§ Entries provided
● ● ● ● ● ● ●

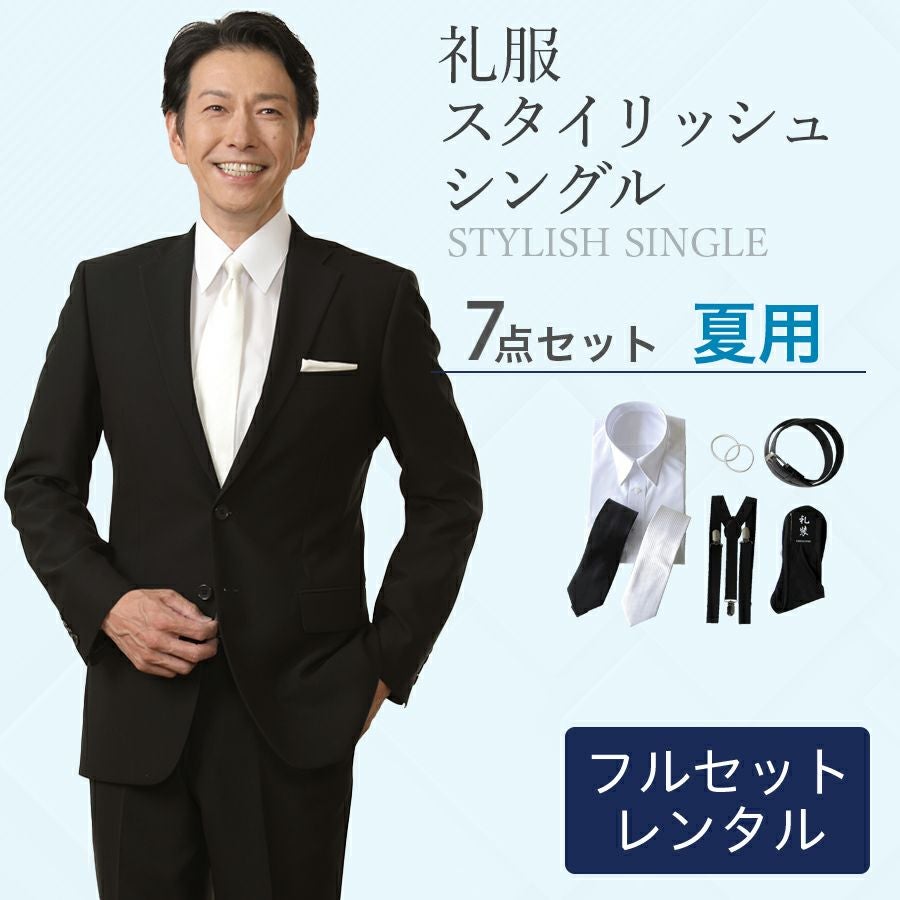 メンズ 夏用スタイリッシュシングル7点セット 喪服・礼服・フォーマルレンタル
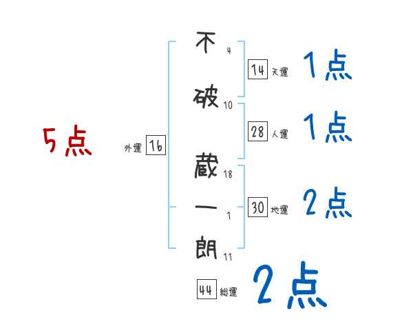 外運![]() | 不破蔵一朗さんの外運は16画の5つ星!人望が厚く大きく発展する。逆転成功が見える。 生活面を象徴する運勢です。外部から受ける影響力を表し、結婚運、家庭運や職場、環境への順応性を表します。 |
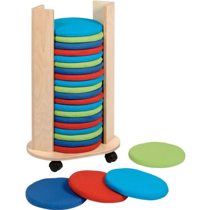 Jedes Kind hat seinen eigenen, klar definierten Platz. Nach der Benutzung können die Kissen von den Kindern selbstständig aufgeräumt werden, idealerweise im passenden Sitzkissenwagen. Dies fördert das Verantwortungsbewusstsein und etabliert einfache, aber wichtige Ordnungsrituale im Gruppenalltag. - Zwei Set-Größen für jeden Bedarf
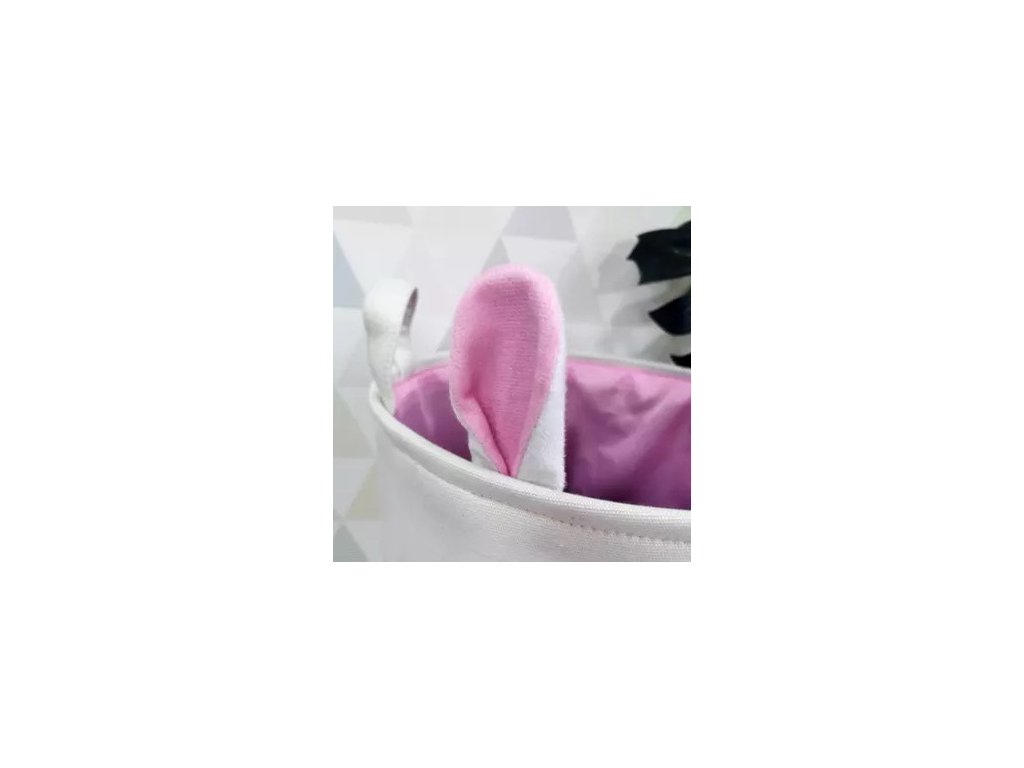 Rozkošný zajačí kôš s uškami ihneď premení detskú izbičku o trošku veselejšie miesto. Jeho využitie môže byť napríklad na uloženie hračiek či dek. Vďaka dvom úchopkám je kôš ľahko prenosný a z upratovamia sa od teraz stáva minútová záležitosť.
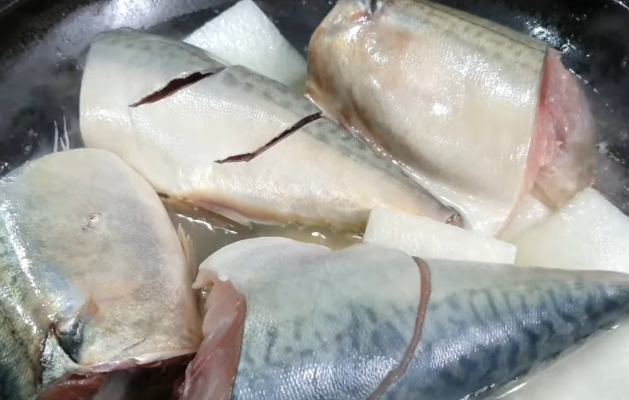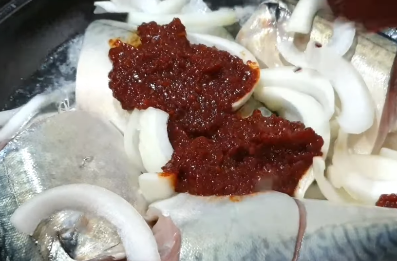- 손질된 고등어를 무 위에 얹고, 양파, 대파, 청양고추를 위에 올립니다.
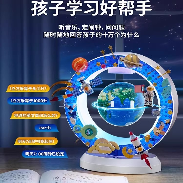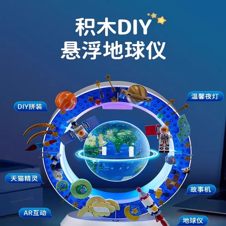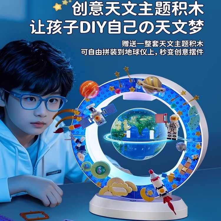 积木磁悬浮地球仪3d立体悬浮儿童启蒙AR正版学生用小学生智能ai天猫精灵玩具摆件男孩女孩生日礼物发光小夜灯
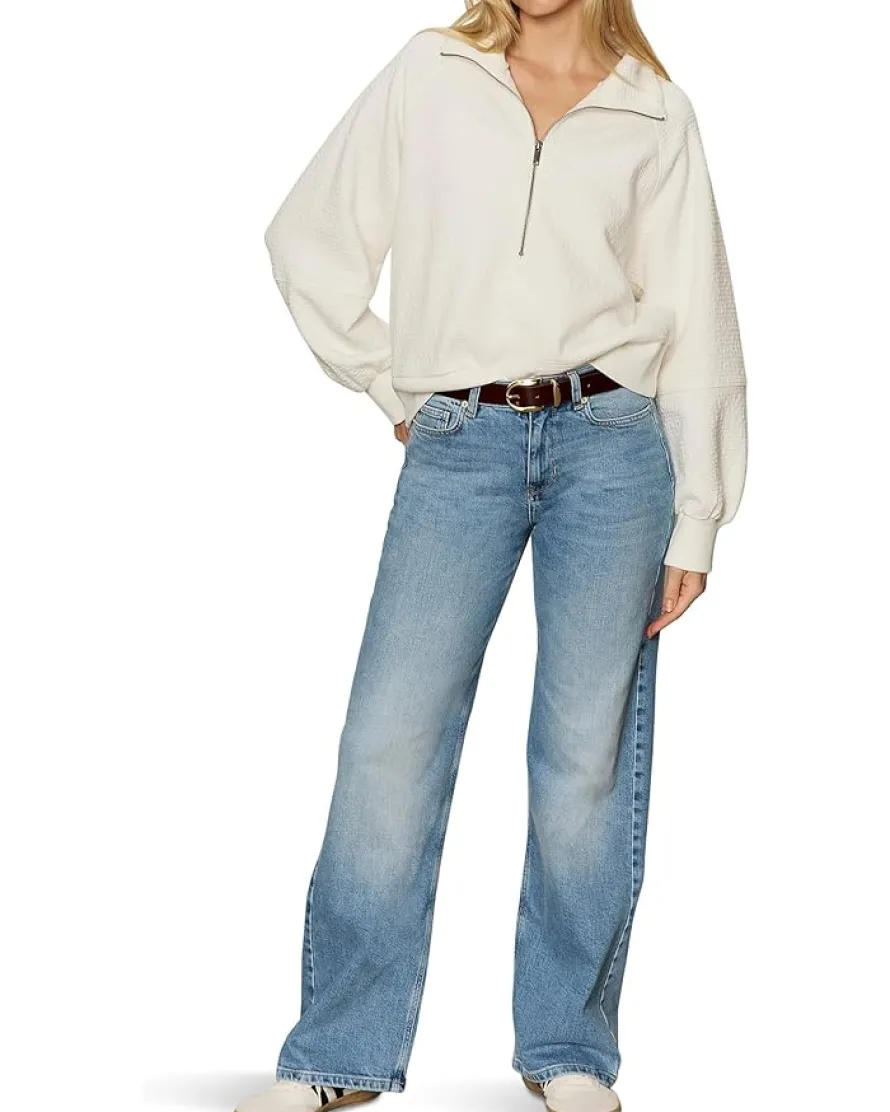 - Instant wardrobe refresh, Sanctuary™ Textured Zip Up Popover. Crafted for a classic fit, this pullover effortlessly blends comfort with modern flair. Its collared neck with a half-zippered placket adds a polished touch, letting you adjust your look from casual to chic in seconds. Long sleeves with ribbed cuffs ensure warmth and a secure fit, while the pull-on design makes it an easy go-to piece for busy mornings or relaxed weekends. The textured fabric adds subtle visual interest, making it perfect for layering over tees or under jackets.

● ● ● ● ● ● ●

§ How to complete this task
Reproduce the listing above only between the lines holding "外運![]() | 不破蔵一朗さんの外運は16画の5つ星!人望が厚く大きく発展する。逆転成功が見える。" and "积木磁悬浮地球仪3d立体悬浮", inclusive. Every line must match exactly, and pictures are dropped.

§ Result of this task
 外運![]() | 不破蔵一朗さんの外運は16画の5つ星!人望が厚く大きく発展する。逆転成功が見える。 生活面を象徴する運勢です。外部から受ける影響力を表し、結婚運、家庭運や職場、環境への順応性を表します。 |
 Jedes Kind hat seinen eigenen, klar definierten Platz. Nach der Benutzung können die Kissen von den Kindern selbstständig aufgeräumt werden, idealerweise im passenden Sitzkissenwagen. Dies fördert das Verantwortungsbewusstsein und etabliert einfache, aber wichtige Ordnungsrituale im Gruppenalltag. - Zwei Set-Größen für jeden Bedarf
 Rozkošný zajačí kôš s uškami ihneď premení detskú izbičku o trošku veselejšie miesto. Jeho využitie môže byť napríklad na uloženie hračiek či dek. Vďaka dvom úchopkám je kôš ľahko prenosný a z upratovamia sa od teraz stáva minútová záležitosť.
- 손질된 고등어를 무 위에 얹고, 양파, 대파, 청양고추를 위에 올립니다.
 积木磁悬浮地球仪3d立体悬浮儿童启蒙AR正版学生用小学生智能ai天猫精灵玩具摆件男孩女孩生日礼物发光小夜灯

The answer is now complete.